TO DO: Begin at the line below that holds "DroiX PM13 je" and end at the line that holds "Wallpaper A bouquet", transcribing each line exactly and skipping any picture.

DATA RECORDS:
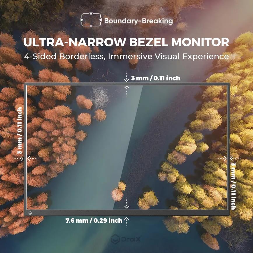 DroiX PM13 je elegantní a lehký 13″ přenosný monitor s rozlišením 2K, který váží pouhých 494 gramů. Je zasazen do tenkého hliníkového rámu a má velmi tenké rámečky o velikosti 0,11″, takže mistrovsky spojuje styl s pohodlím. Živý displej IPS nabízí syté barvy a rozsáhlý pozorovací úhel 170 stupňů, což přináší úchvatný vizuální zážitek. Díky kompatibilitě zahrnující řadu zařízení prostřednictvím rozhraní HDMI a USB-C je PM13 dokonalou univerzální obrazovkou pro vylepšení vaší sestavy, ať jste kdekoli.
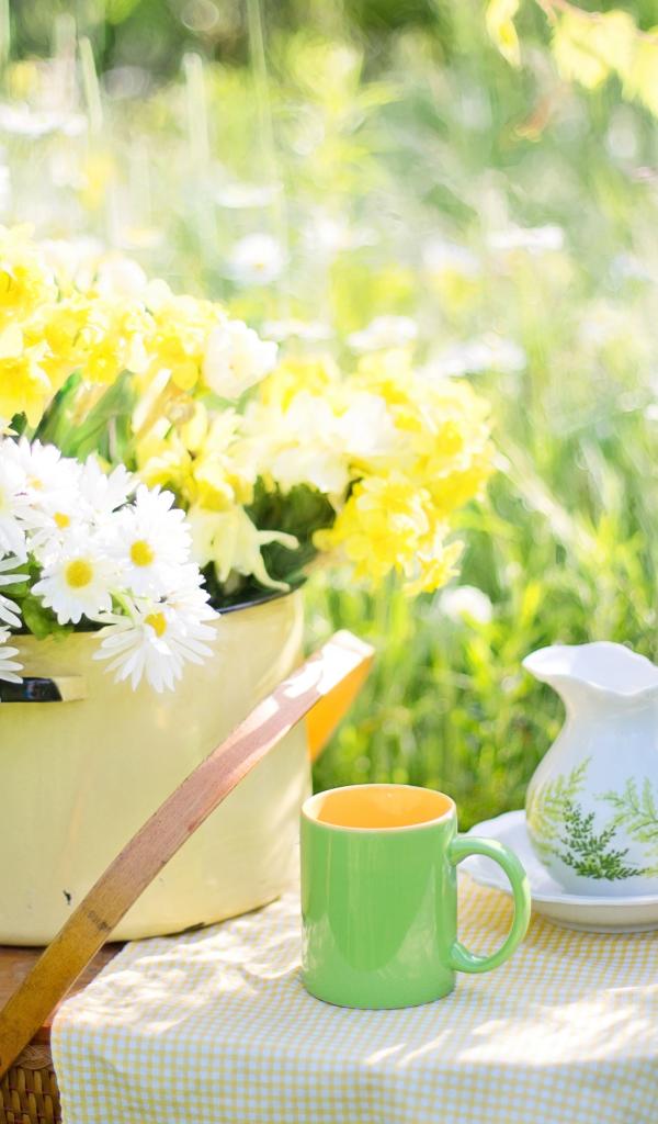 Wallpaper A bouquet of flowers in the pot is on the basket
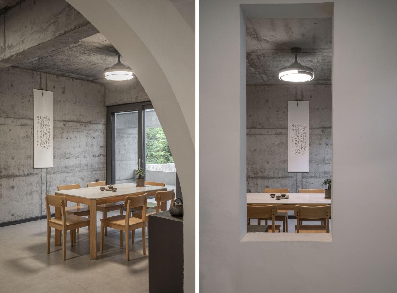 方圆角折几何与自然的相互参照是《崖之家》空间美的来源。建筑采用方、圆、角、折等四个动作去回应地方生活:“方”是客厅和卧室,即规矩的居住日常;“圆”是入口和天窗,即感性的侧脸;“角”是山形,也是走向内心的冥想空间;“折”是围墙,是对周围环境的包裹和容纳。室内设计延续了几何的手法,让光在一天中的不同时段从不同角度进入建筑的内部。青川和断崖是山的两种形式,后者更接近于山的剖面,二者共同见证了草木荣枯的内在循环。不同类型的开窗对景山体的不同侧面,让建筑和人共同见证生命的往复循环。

...

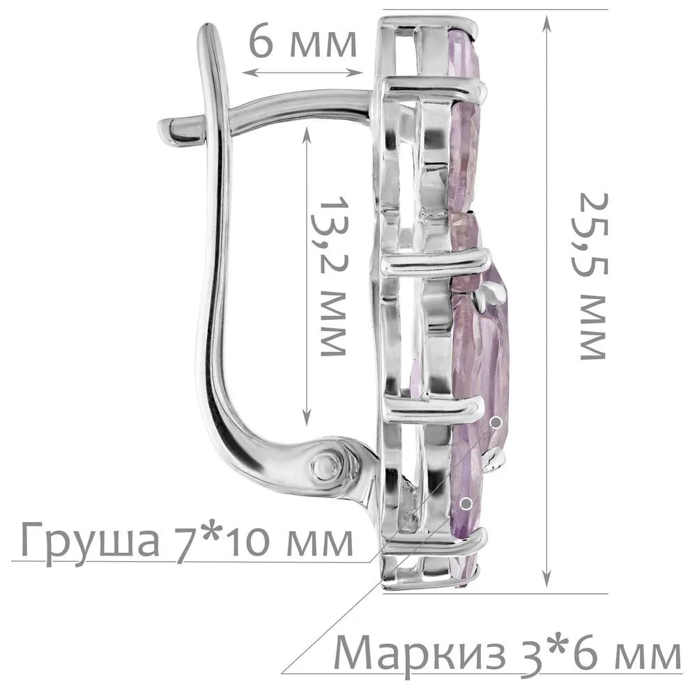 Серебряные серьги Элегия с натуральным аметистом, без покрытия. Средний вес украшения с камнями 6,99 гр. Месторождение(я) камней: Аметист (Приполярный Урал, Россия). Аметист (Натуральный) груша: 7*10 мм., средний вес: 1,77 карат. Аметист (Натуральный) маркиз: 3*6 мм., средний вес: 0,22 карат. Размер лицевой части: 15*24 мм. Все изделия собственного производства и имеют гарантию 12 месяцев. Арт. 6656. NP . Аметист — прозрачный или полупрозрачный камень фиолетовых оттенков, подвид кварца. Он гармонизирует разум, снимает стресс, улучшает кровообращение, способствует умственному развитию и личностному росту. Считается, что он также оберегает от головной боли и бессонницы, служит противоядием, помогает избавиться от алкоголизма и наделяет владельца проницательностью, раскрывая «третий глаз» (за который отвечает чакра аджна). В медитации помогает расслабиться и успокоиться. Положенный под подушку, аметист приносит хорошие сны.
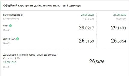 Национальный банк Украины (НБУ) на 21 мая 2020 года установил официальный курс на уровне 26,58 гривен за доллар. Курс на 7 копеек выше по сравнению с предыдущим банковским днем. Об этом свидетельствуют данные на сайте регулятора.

--

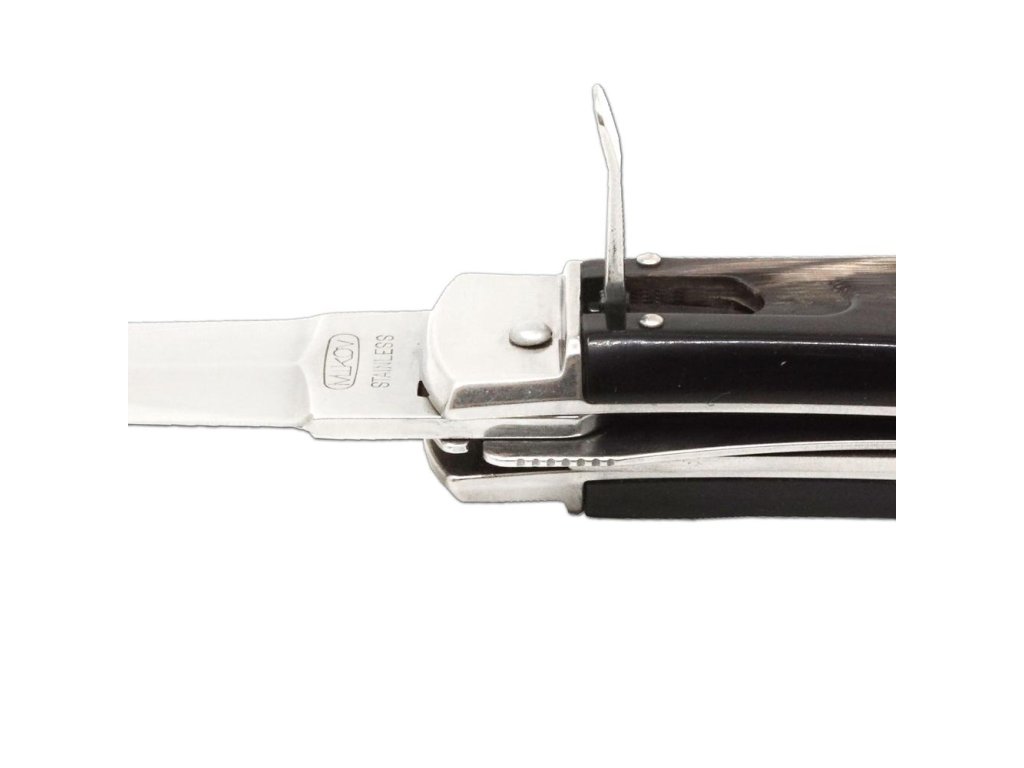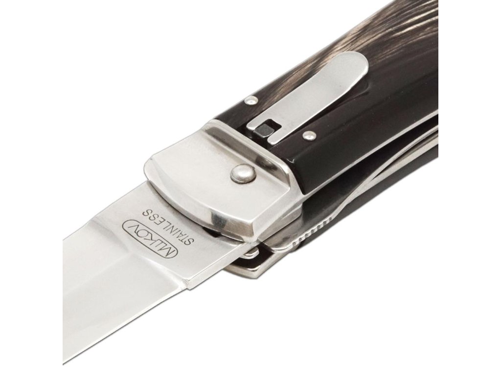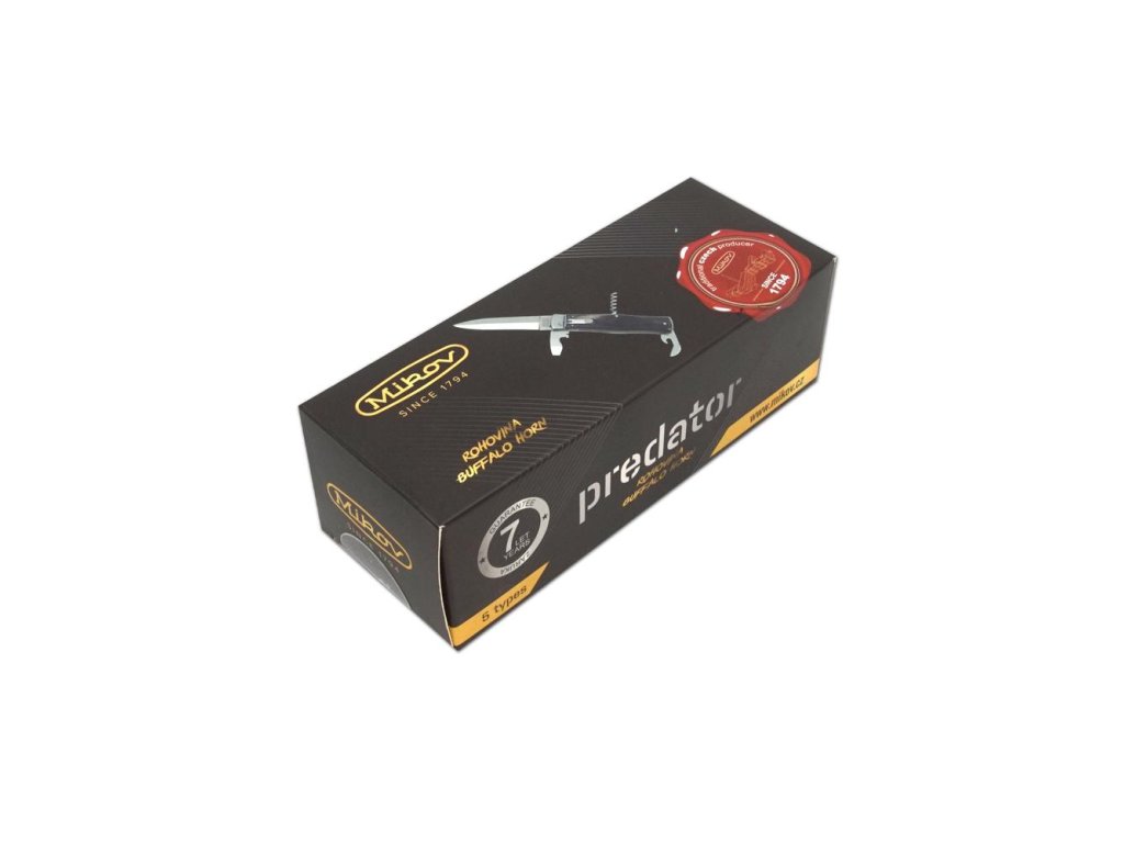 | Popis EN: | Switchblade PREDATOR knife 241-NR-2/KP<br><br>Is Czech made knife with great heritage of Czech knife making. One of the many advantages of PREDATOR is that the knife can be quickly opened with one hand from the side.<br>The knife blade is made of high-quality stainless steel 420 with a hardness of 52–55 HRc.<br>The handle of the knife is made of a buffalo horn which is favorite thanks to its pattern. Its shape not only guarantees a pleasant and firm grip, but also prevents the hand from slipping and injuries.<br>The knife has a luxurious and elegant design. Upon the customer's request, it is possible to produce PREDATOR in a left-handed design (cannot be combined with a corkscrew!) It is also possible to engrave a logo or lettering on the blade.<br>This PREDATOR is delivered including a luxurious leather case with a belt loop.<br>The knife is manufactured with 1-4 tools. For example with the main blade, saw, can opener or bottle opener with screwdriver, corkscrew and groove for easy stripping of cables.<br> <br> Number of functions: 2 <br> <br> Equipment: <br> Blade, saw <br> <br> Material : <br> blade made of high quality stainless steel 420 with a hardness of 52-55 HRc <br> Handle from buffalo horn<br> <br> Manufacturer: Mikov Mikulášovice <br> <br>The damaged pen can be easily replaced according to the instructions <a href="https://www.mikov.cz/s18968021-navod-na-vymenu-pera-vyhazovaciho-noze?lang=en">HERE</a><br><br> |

WRITTEN RESPONSE:
 DroiX PM13 je elegantní a lehký 13″ přenosný monitor s rozlišením 2K, který váží pouhých 494 gramů. Je zasazen do tenkého hliníkového rámu a má velmi tenké rámečky o velikosti 0,11″, takže mistrovsky spojuje styl s pohodlím. Živý displej IPS nabízí syté barvy a rozsáhlý pozorovací úhel 170 stupňů, což přináší úchvatný vizuální zážitek. Díky kompatibilitě zahrnující řadu zařízení prostřednictvím rozhraní HDMI a USB-C je PM13 dokonalou univerzální obrazovkou pro vylepšení vaší sestavy, ať jste kdekoli.
 Wallpaper A bouquet of flowers in the pot is on the basket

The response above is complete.